Stored records
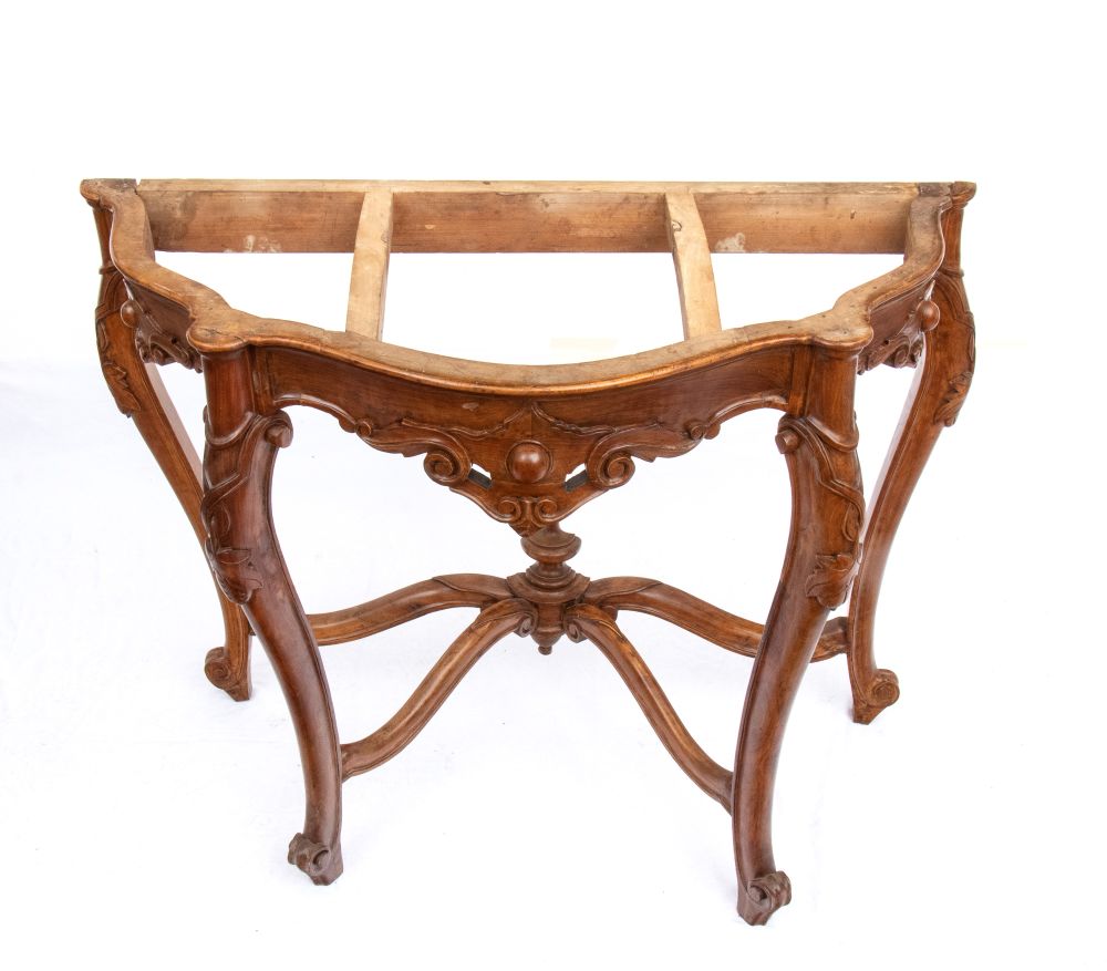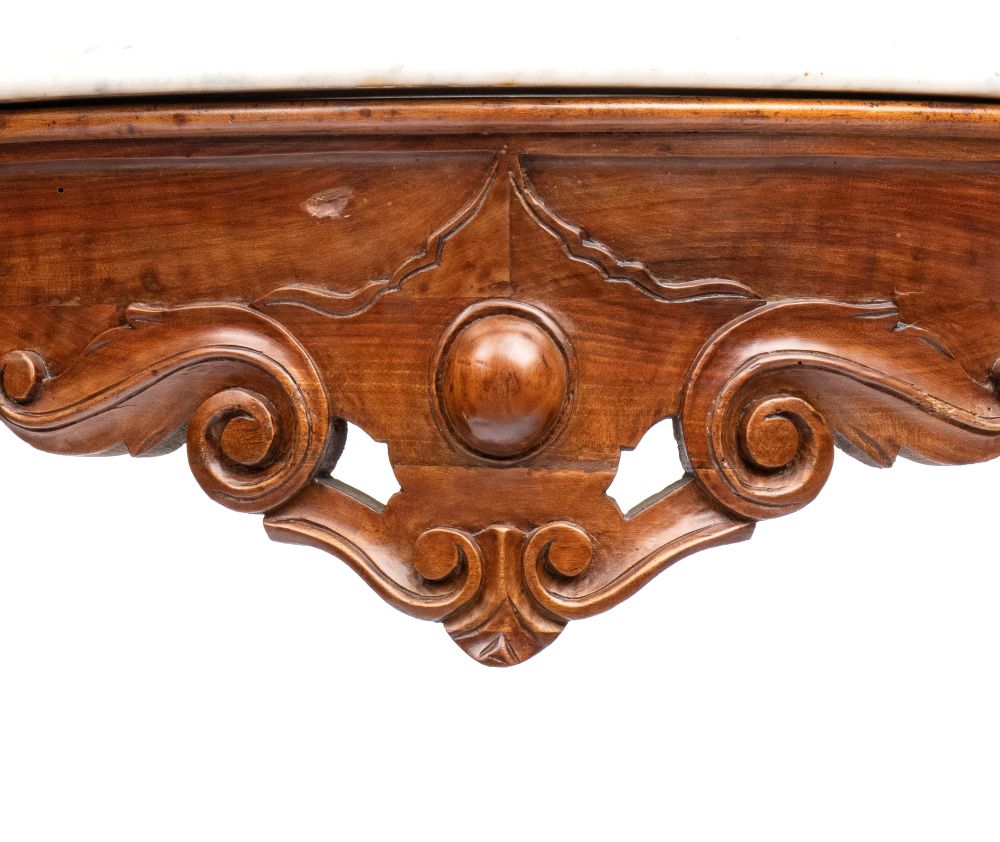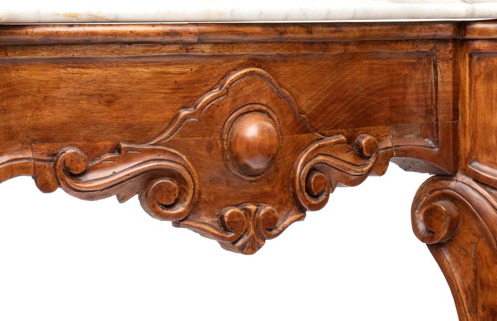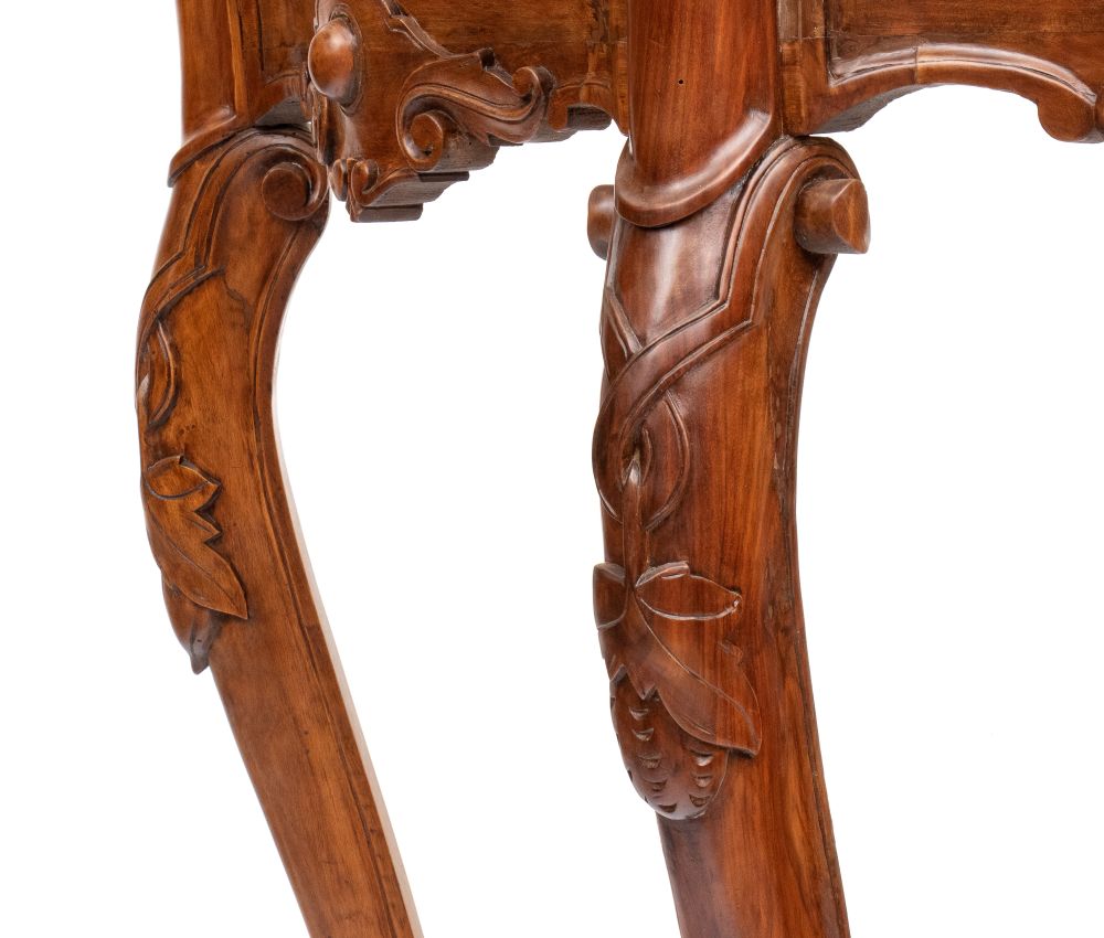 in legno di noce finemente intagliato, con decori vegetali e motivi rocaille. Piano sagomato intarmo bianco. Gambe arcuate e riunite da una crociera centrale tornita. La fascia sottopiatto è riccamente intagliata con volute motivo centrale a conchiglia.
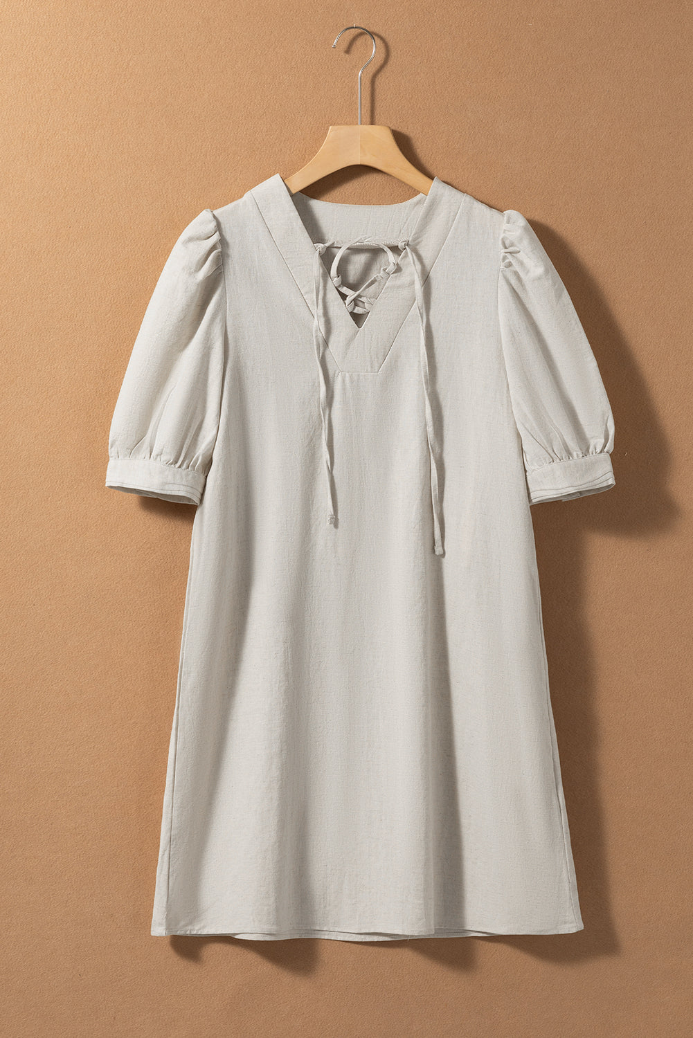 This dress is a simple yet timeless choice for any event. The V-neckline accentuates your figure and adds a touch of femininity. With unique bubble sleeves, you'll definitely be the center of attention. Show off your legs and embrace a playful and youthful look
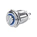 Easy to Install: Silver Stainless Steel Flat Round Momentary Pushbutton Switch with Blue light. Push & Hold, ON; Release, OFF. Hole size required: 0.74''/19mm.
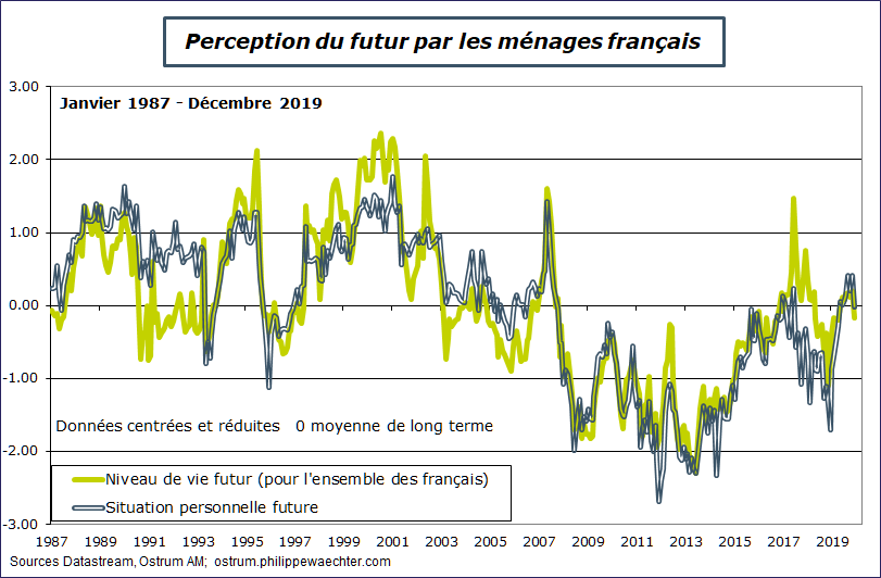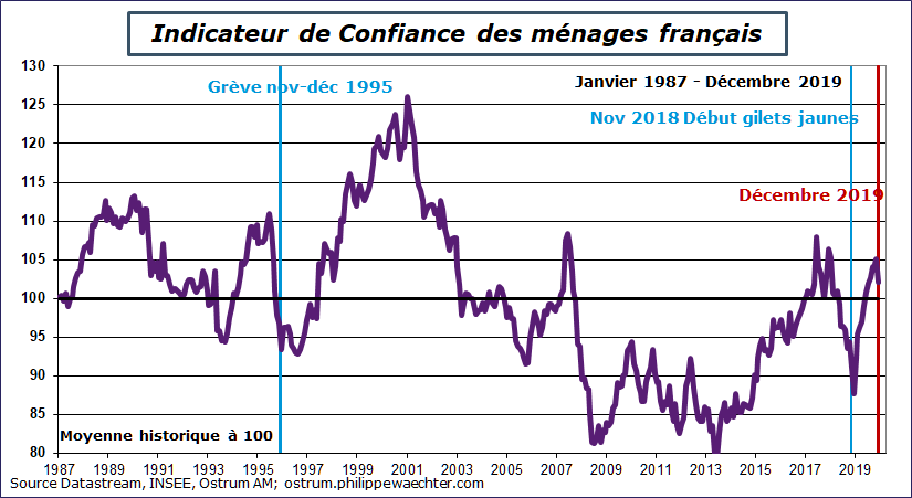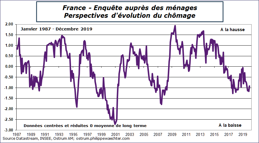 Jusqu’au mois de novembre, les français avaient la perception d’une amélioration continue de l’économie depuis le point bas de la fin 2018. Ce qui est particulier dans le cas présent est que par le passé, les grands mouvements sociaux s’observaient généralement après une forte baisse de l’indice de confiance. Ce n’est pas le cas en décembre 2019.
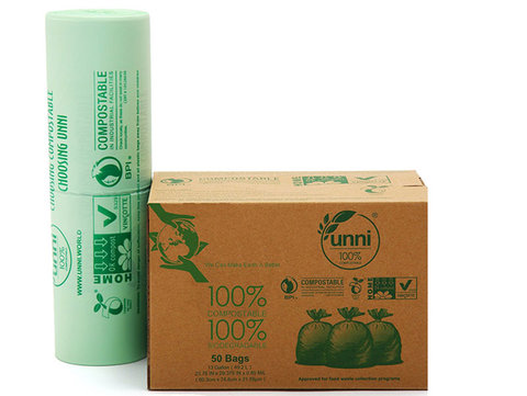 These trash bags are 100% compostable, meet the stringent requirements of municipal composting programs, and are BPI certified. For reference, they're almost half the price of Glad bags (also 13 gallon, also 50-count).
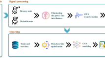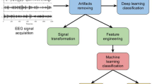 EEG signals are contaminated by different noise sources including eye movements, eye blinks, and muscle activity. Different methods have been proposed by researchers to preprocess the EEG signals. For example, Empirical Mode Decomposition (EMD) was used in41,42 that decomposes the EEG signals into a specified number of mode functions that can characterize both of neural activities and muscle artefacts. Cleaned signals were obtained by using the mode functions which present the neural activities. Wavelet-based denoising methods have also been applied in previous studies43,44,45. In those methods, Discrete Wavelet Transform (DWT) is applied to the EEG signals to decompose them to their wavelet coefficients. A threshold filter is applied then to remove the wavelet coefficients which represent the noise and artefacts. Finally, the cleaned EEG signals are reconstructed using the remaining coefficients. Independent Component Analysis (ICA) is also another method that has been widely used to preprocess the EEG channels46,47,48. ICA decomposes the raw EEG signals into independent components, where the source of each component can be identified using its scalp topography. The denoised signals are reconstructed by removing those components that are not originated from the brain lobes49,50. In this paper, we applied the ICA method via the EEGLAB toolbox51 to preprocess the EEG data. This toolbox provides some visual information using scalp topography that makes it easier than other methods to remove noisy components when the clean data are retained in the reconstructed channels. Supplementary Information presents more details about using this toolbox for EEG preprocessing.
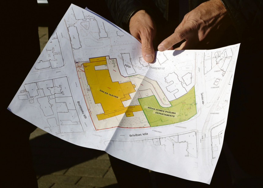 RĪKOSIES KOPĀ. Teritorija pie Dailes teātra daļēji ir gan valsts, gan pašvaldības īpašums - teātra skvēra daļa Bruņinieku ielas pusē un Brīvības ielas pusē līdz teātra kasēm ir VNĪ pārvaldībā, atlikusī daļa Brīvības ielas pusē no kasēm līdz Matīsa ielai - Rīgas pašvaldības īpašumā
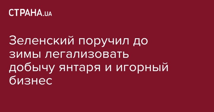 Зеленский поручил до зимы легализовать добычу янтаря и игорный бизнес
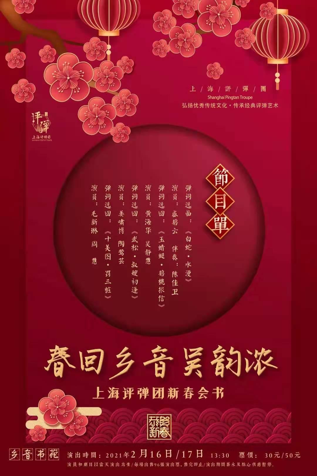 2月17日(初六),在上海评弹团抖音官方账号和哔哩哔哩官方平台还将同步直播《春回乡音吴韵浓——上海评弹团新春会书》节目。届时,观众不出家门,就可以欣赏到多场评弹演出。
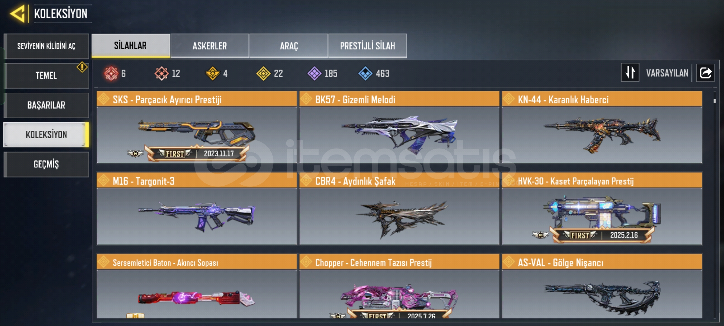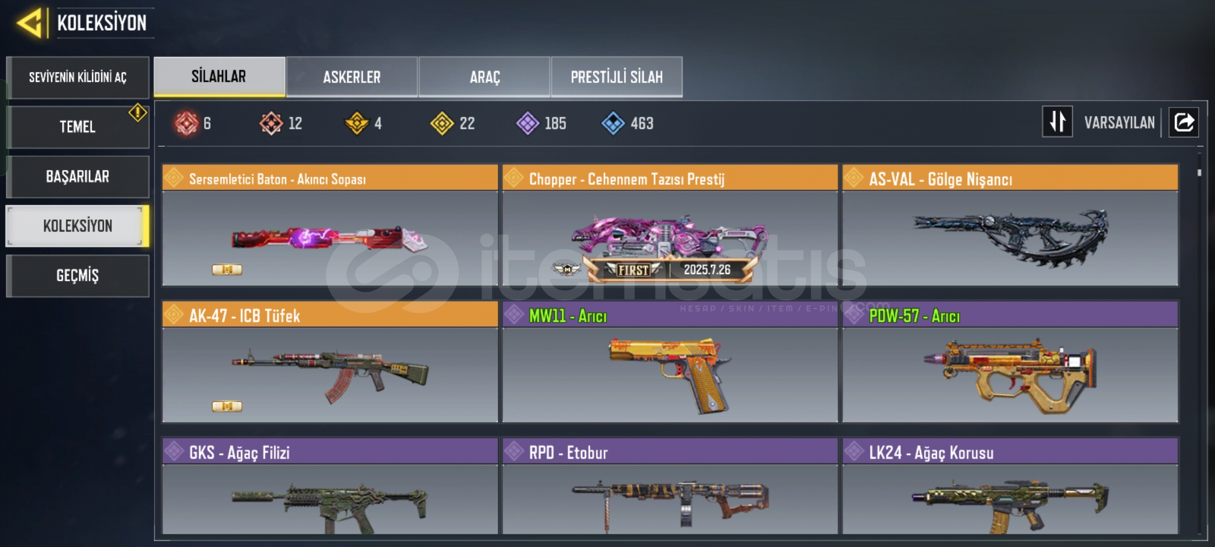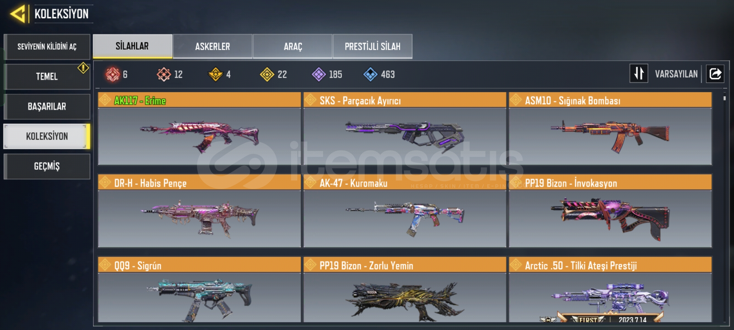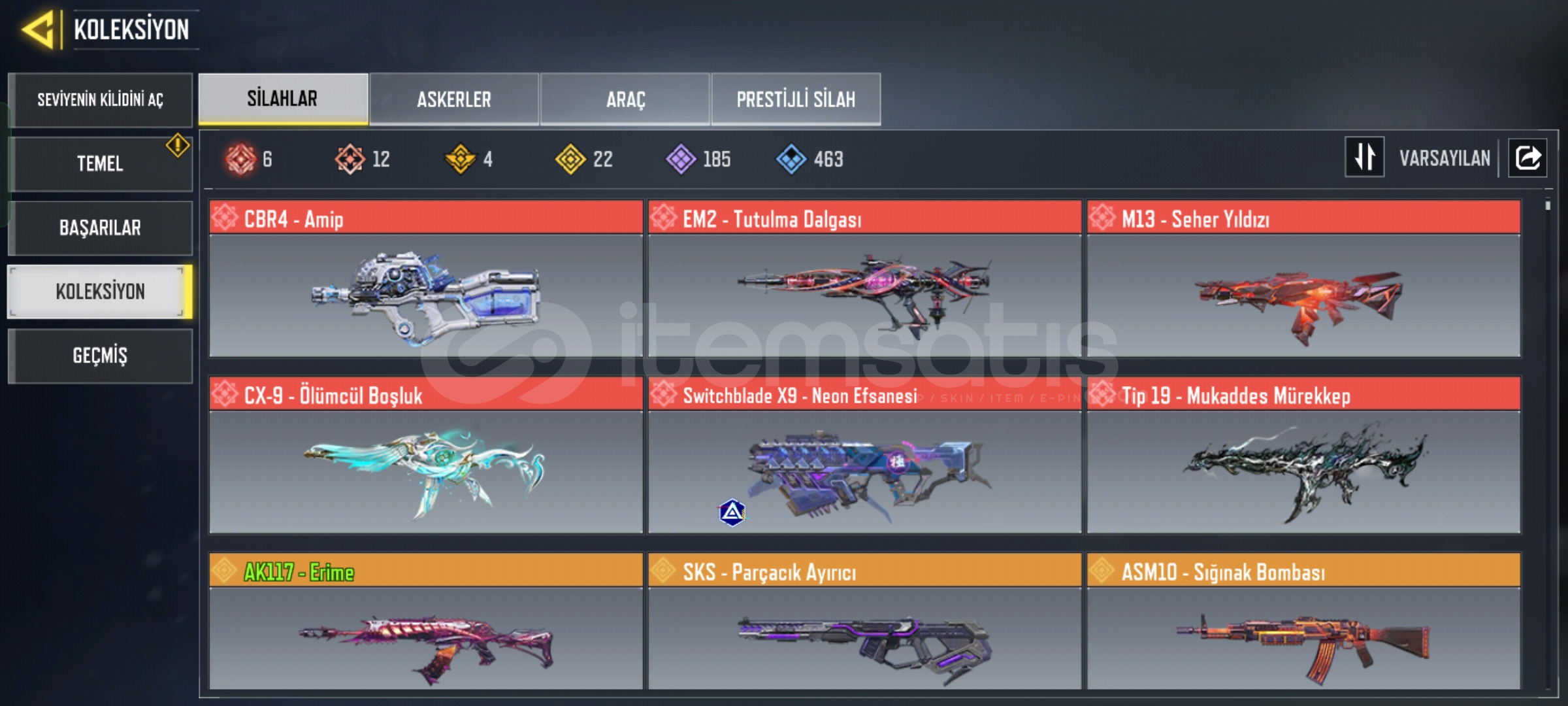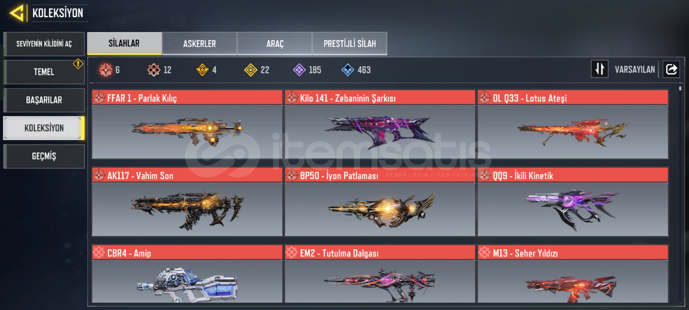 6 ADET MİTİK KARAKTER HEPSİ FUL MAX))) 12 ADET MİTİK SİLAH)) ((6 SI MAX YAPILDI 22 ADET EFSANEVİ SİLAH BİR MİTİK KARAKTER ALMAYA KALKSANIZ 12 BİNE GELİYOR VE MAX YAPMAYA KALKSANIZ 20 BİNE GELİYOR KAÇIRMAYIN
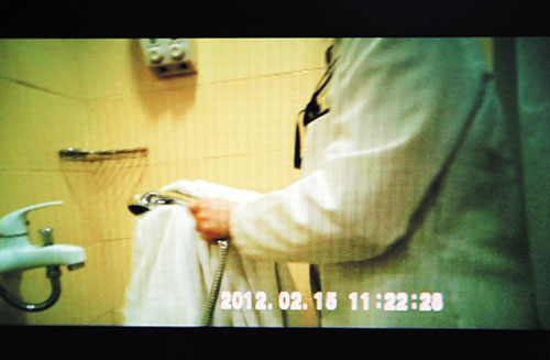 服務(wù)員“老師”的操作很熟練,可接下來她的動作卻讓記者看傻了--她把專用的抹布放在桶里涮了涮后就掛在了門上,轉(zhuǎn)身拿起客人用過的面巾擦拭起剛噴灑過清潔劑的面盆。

[Prompt]:
Please write out all the data again word for word, but not the pictures.

[Exercise output]:
 in legno di noce finemente intagliato, con decori vegetali e motivi rocaille. Piano sagomato intarmo bianco. Gambe arcuate e riunite da una crociera centrale tornita. La fascia sottopiatto è riccamente intagliata con volute motivo centrale a conchiglia.
 This dress is a simple yet timeless choice for any event. The V-neckline accentuates your figure and adds a touch of femininity. With unique bubble sleeves, you'll definitely be the center of attention. Show off your legs and embrace a playful and youthful look
 Easy to Install: Silver Stainless Steel Flat Round Momentary Pushbutton Switch with Blue light. Push & Hold, ON; Release, OFF. Hole size required: 0.74''/19mm.
 Jusqu’au mois de novembre, les français avaient la perception d’une amélioration continue de l’économie depuis le point bas de la fin 2018. Ce qui est particulier dans le cas présent est que par le passé, les grands mouvements sociaux s’observaient généralement après une forte baisse de l’indice de confiance. Ce n’est pas le cas en décembre 2019.
 These trash bags are 100% compostable, meet the stringent requirements of municipal composting programs, and are BPI certified. For reference, they're almost half the price of Glad bags (also 13 gallon, also 50-count).
 EEG signals are contaminated by different noise sources including eye movements, eye blinks, and muscle activity. Different methods have been proposed by researchers to preprocess the EEG signals. For example, Empirical Mode Decomposition (EMD) was used in41,42 that decomposes the EEG signals into a specified number of mode functions that can characterize both of neural activities and muscle artefacts. Cleaned signals were obtained by using the mode functions which present the neural activities. Wavelet-based denoising methods have also been applied in previous studies43,44,45. In those methods, Discrete Wavelet Transform (DWT) is applied to the EEG signals to decompose them to their wavelet coefficients. A threshold filter is applied then to remove the wavelet coefficients which represent the noise and artefacts. Finally, the cleaned EEG signals are reconstructed using the remaining coefficients. Independent Component Analysis (ICA) is also another method that has been widely used to preprocess the EEG channels46,47,48. ICA decomposes the raw EEG signals into independent components, where the source of each component can be identified using its scalp topography. The denoised signals are reconstructed by removing those components that are not originated from the brain lobes49,50. In this paper, we applied the ICA method via the EEGLAB toolbox51 to preprocess the EEG data. This toolbox provides some visual information using scalp topography that makes it easier than other methods to remove noisy components when the clean data are retained in the reconstructed channels. Supplementary Information presents more details about using this toolbox for EEG preprocessing.
 RĪKOSIES KOPĀ. Teritorija pie Dailes teātra daļēji ir gan valsts, gan pašvaldības īpašums - teātra skvēra daļa Bruņinieku ielas pusē un Brīvības ielas pusē līdz teātra kasēm ir VNĪ pārvaldībā, atlikusī daļa Brīvības ielas pusē no kasēm līdz Matīsa ielai - Rīgas pašvaldības īpašumā
 Зеленский поручил до зимы легализовать добычу янтаря и игорный бизнес
 2月17日(初六),在上海评弹团抖音官方账号和哔哩哔哩官方平台还将同步直播《春回乡音吴韵浓——上海评弹团新春会书》节目。届时,观众不出家门,就可以欣赏到多场评弹演出。
 6 ADET MİTİK KARAKTER HEPSİ FUL MAX))) 12 ADET MİTİK SİLAH)) ((6 SI MAX YAPILDI 22 ADET EFSANEVİ SİLAH BİR MİTİK KARAKTER ALMAYA KALKSANIZ 12 BİNE GELİYOR VE MAX YAPMAYA KALKSANIZ 20 BİNE GELİYOR KAÇIRMAYIN
 服務(wù)員“老師”的操作很熟練,可接下來她的動作卻讓記者看傻了--她把專用的抹布放在桶里涮了涮后就掛在了門上,轉(zhuǎn)身拿起客人用過的面巾擦拭起剛噴灑過清潔劑的面盆。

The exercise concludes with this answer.